ACTIVITY - Copy exactly. Begin at the line containing "怪物猎人物语2破灭之翼修改器" and stop at the last line of the entries, omitting any pictures.

AVAILABLE DATA -

---------------

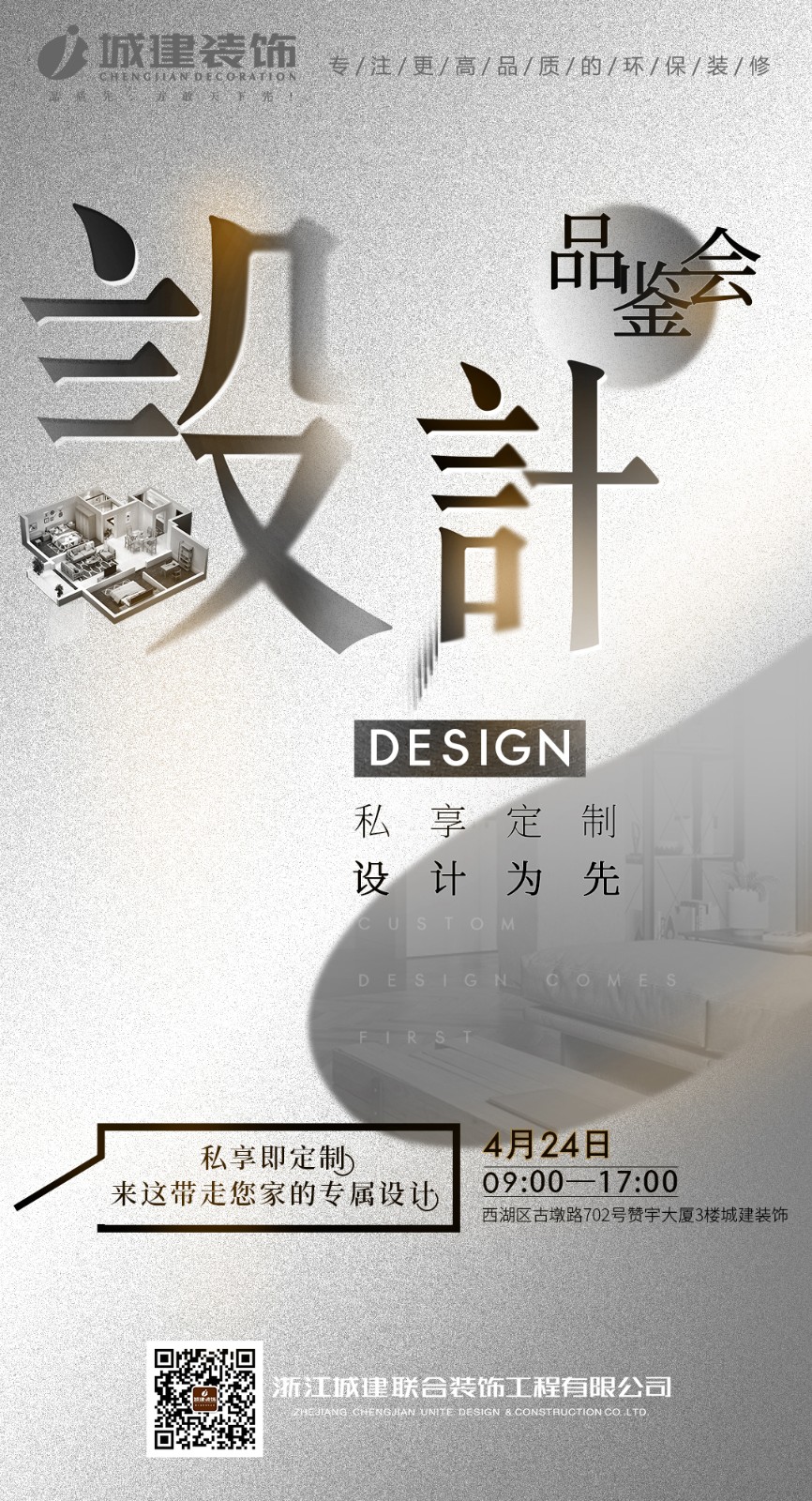 4月24日,來城建裝飾“設計品鑒會”,帶上您對新家的期待,和我們來一場設計風暴吧!
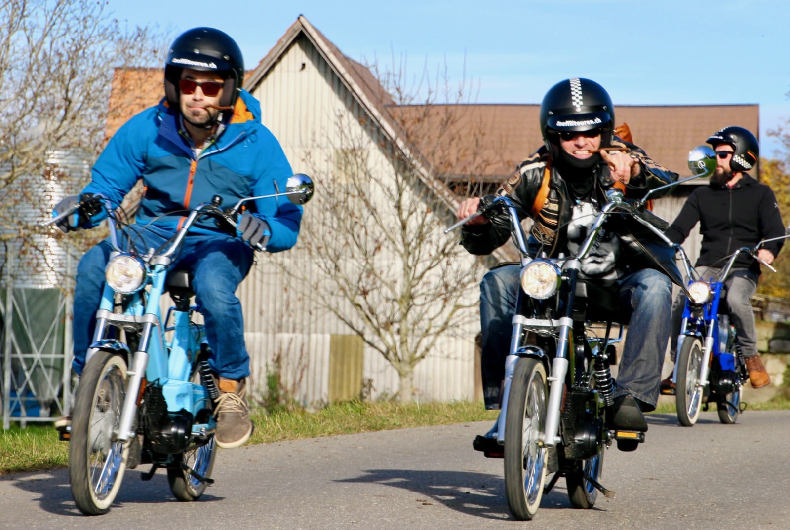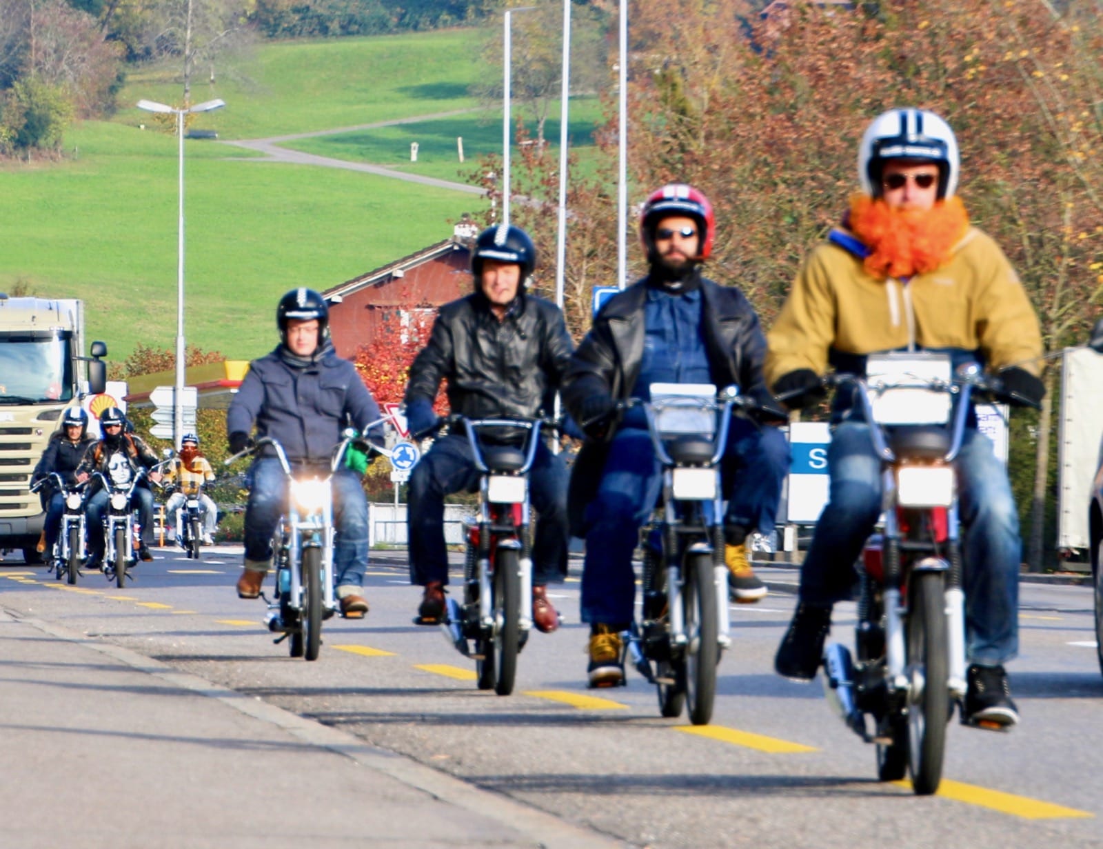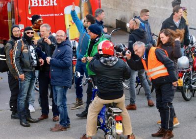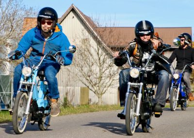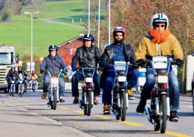 Nun gab es kein Halten mehr. Die Motoren knatterten, Auspuffe und die „Krummen“ qualmten um die Wette. Einige holten Verkleidungsutensilien hervor und nur schon der Anblick der ganzen Gruppe sorgte für allgemeines Gelächter. Als wäre die Zeit 20, 30 oder gar 40 Jahre zurück gedreht worden, fuhren alle wild durcheinander, kreuz und quer auf dem Parkplatz herum und andere versuchten gleich wieder über die Auflagerampe zurück in den Anhänger zu fahren, was auch tatsächlich auf Anhieb gelang. Auf allen Gesichtern war ein breites Grinsen zu sehen und das wilde Treiben als chaotisch zu beschreiben, wäre wohl untertrieben. Nachdem Toni Rogenmoser ein paar vergebliche Versuche unternommen hatte, um ein Gruppenbild zu schiessen, machte sich der qualmende Mob bei strahlendem Sonnenschein zum 2-Takt-Geknatter-Konzert auf den Weg. Die Bremsen wurden gelöst und ein Tatzelwurm wand sich über Strassen und Feldwege durch die herbstliche Landschaft. Wie die Teenies lieferten sich manche ein Rennen, andere versuchten einfach möglichst kreativ auf dem Mofa zu sitzen. Es gab auch welche, die sahen einfach cool aus und genossen den Fahrtwind und die Sonne, die sich in den verspiegelten Sonnenbrillen reflektierte. Es gab Motocross-Einlagen, herzhafte Jauchzer, Victor-Zeichen und jede Menge tolle Bilder, welche mehr sagen als tausend Worte.
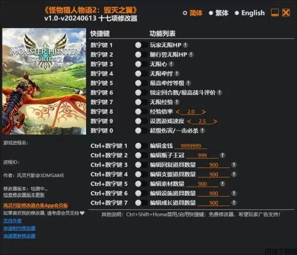 怪物猎人物语2破灭之翼修改器是一款专为日式动作冒险RPG游戏《怪物猎人物语2破灭之翼》所打造的多功能修改器,由风灵月影制作而成,可以修改游戏的各种属性,如玩家无限HP、随行兽无限HP、无限心等游戏内容,能够有效降低游戏难易程,且修改器简单易
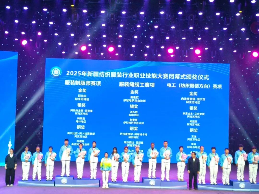 10月21日,新疆维吾尔自治区纺织服装行业职业技能大赛落下帷幕,霍尔果斯市技工学校荣获服装缝纫工金奖和时装技术(服装3D数字化设计)优胜奖。
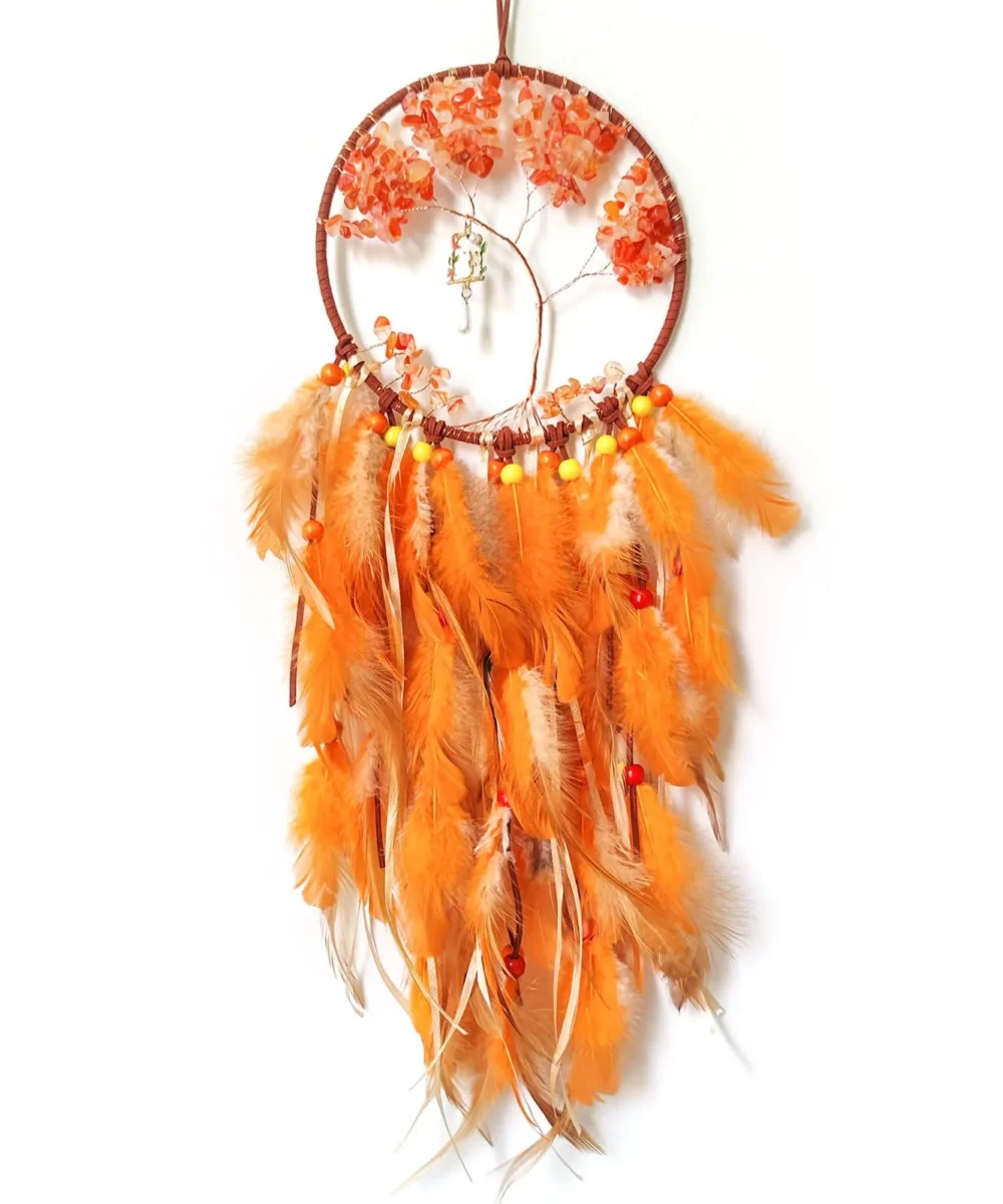 Pendentif Arbre de Vie Chaton Olivenorma Attrape-rêves orange
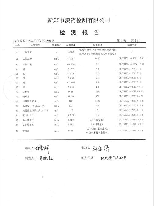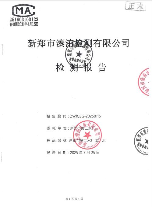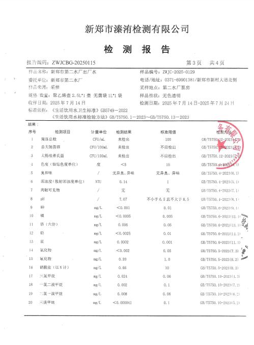 根据《生活饮用水卫生监督管理办法》、《生活饮用水卫生规范》规定,新郑市疾病预防控制中心联合新郑市城镇用水管理所每月对市政供水第二水厂进行监督检查和出厂水采样监测,现将2025年7月水质检测结果予以公示:
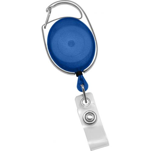 Our Translucent Blue carabiner style reel with chrome outer frame and clear vinyl strap is both fashionable and versatile. Can be customized on both sides.
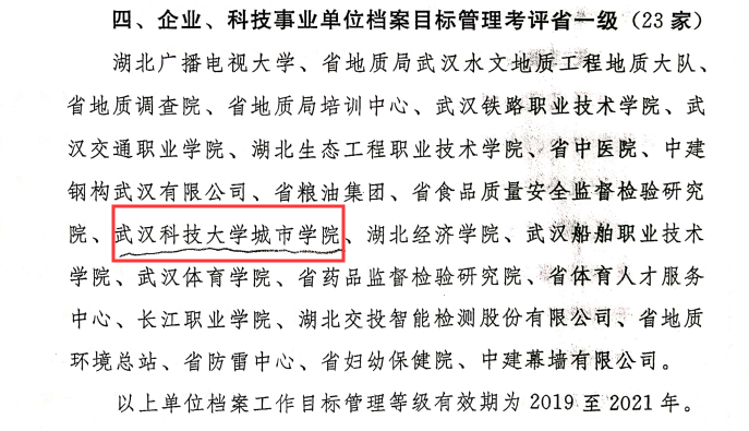 新闻网讯(通讯员 万青)湖北省档案局近日下发《湖北省关于档案目标管理考评结果的通知》(鄂档文[2019]13号),我院被评为档案目标管理省一级单位。

---------------

ANSWER SECTION -
 怪物猎人物语2破灭之翼修改器是一款专为日式动作冒险RPG游戏《怪物猎人物语2破灭之翼》所打造的多功能修改器,由风灵月影制作而成,可以修改游戏的各种属性,如玩家无限HP、随行兽无限HP、无限心等游戏内容,能够有效降低游戏难易程,且修改器简单易
 10月21日,新疆维吾尔自治区纺织服装行业职业技能大赛落下帷幕,霍尔果斯市技工学校荣获服装缝纫工金奖和时装技术(服装3D数字化设计)优胜奖。
 Pendentif Arbre de Vie Chaton Olivenorma Attrape-rêves orange
 根据《生活饮用水卫生监督管理办法》、《生活饮用水卫生规范》规定,新郑市疾病预防控制中心联合新郑市城镇用水管理所每月对市政供水第二水厂进行监督检查和出厂水采样监测,现将2025年7月水质检测结果予以公示:
 Our Translucent Blue carabiner style reel with chrome outer frame and clear vinyl strap is both fashionable and versatile. Can be customized on both sides.
 新闻网讯(通讯员 万青)湖北省档案局近日下发《湖北省关于档案目标管理考评结果的通知》(鄂档文[2019]13号),我院被评为档案目标管理省一级单位。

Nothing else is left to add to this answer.